Supplied material Start Marker

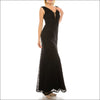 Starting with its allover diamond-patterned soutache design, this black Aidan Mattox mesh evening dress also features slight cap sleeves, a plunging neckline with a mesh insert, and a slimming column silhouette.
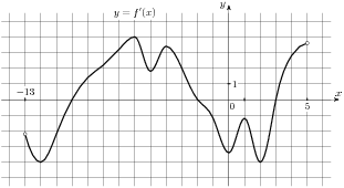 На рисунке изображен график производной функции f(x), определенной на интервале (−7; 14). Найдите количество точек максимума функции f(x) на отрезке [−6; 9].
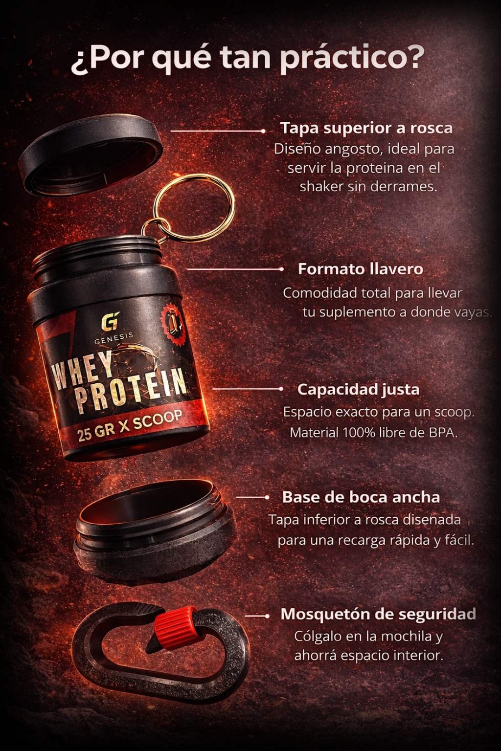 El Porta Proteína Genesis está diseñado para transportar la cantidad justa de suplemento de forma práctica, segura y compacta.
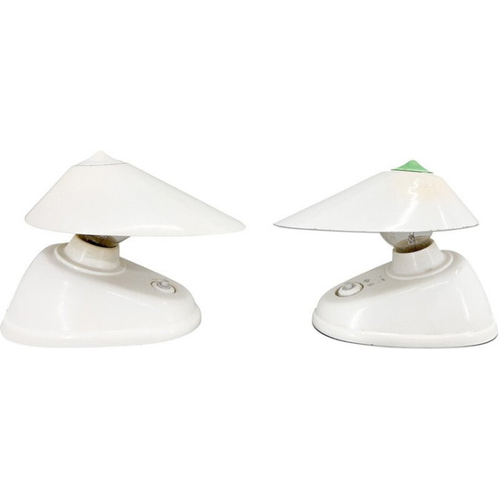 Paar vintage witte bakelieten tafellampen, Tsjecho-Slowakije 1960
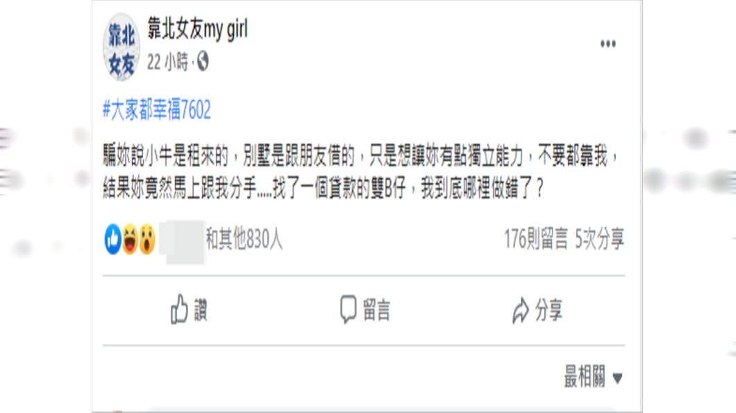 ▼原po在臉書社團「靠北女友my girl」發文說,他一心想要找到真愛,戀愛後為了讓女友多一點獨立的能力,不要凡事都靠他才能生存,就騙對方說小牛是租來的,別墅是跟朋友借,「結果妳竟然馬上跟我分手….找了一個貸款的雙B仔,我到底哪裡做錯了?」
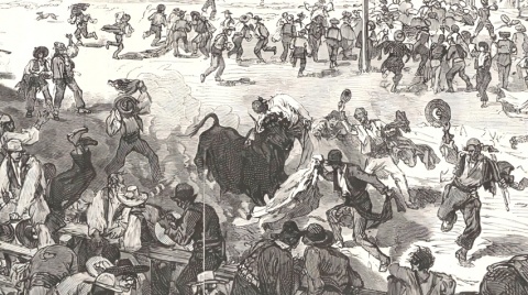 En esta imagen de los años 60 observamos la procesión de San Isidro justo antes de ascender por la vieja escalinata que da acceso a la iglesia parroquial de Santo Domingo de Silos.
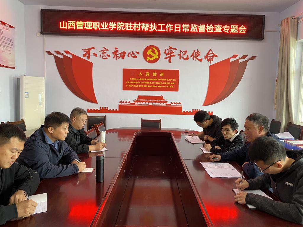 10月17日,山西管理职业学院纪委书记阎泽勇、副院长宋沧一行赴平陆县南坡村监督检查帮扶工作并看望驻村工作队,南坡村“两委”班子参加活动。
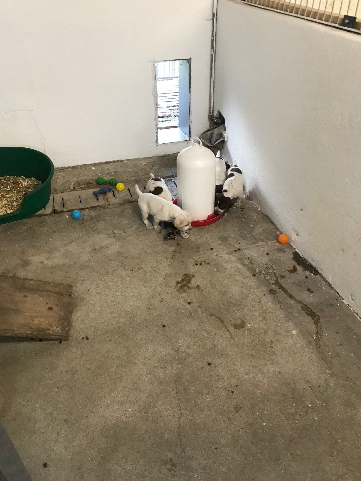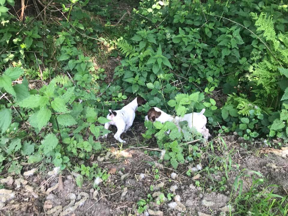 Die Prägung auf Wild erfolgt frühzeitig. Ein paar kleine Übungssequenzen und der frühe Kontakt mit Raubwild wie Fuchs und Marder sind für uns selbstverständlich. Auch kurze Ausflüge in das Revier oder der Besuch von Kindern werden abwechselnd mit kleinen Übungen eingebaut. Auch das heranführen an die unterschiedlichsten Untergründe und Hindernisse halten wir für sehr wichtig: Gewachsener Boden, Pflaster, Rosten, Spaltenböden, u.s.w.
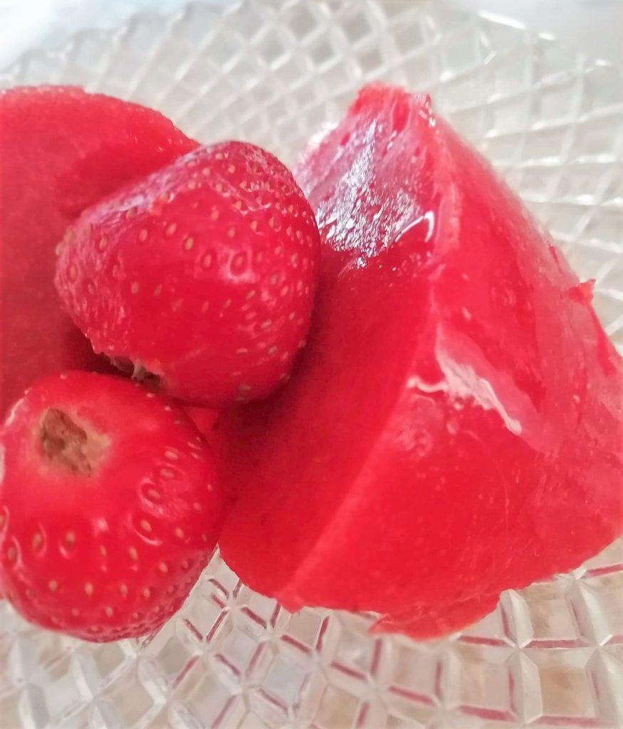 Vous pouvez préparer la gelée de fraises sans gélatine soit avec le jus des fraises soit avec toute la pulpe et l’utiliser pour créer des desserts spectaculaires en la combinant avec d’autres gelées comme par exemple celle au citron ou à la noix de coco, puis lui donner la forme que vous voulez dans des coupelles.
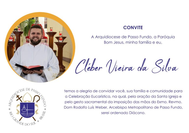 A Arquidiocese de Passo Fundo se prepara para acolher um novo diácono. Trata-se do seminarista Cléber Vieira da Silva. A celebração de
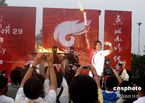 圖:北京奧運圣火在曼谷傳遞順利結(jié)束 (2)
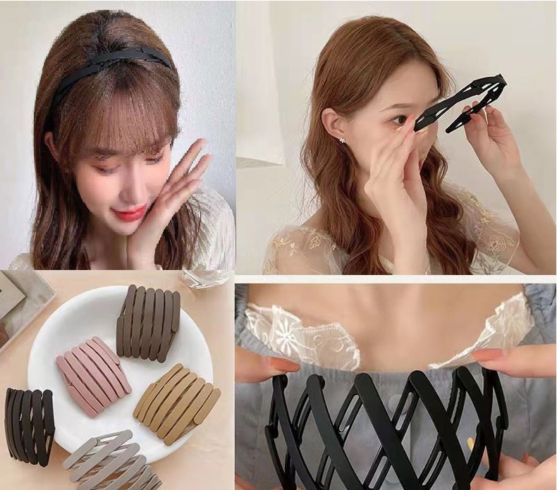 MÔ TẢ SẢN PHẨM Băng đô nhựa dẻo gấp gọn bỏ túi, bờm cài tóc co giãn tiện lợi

Supplied material End Marker

Your copy of the entries must be exact and must contain no pictures.

(Task answer):
 Starting with its allover diamond-patterned soutache design, this black Aidan Mattox mesh evening dress also features slight cap sleeves, a plunging neckline with a mesh insert, and a slimming column silhouette.
 На рисунке изображен график производной функции f(x), определенной на интервале (−7; 14). Найдите количество точек максимума функции f(x) на отрезке [−6; 9].
 El Porta Proteína Genesis está diseñado para transportar la cantidad justa de suplemento de forma práctica, segura y compacta.
 Paar vintage witte bakelieten tafellampen, Tsjecho-Slowakije 1960
 ▼原po在臉書社團「靠北女友my girl」發文說,他一心想要找到真愛,戀愛後為了讓女友多一點獨立的能力,不要凡事都靠他才能生存,就騙對方說小牛是租來的,別墅是跟朋友借,「結果妳竟然馬上跟我分手….找了一個貸款的雙B仔,我到底哪裡做錯了?」
 En esta imagen de los años 60 observamos la procesión de San Isidro justo antes de ascender por la vieja escalinata que da acceso a la iglesia parroquial de Santo Domingo de Silos.
 10月17日,山西管理职业学院纪委书记阎泽勇、副院长宋沧一行赴平陆县南坡村监督检查帮扶工作并看望驻村工作队,南坡村“两委”班子参加活动。
 Die Prägung auf Wild erfolgt frühzeitig. Ein paar kleine Übungssequenzen und der frühe Kontakt mit Raubwild wie Fuchs und Marder sind für uns selbstverständlich. Auch kurze Ausflüge in das Revier oder der Besuch von Kindern werden abwechselnd mit kleinen Übungen eingebaut. Auch das heranführen an die unterschiedlichsten Untergründe und Hindernisse halten wir für sehr wichtig: Gewachsener Boden, Pflaster, Rosten, Spaltenböden, u.s.w.
 Vous pouvez préparer la gelée de fraises sans gélatine soit avec le jus des fraises soit avec toute la pulpe et l’utiliser pour créer des desserts spectaculaires en la combinant avec d’autres gelées comme par exemple celle au citron ou à la noix de coco, puis lui donner la forme que vous voulez dans des coupelles.
 A Arquidiocese de Passo Fundo se prepara para acolher um novo diácono. Trata-se do seminarista Cléber Vieira da Silva. A celebração de
 圖:北京奧運圣火在曼谷傳遞順利結(jié)束 (2)
 MÔ TẢ SẢN PHẨM Băng đô nhựa dẻo gấp gọn bỏ túi, bờm cài tóc co giãn tiện lợi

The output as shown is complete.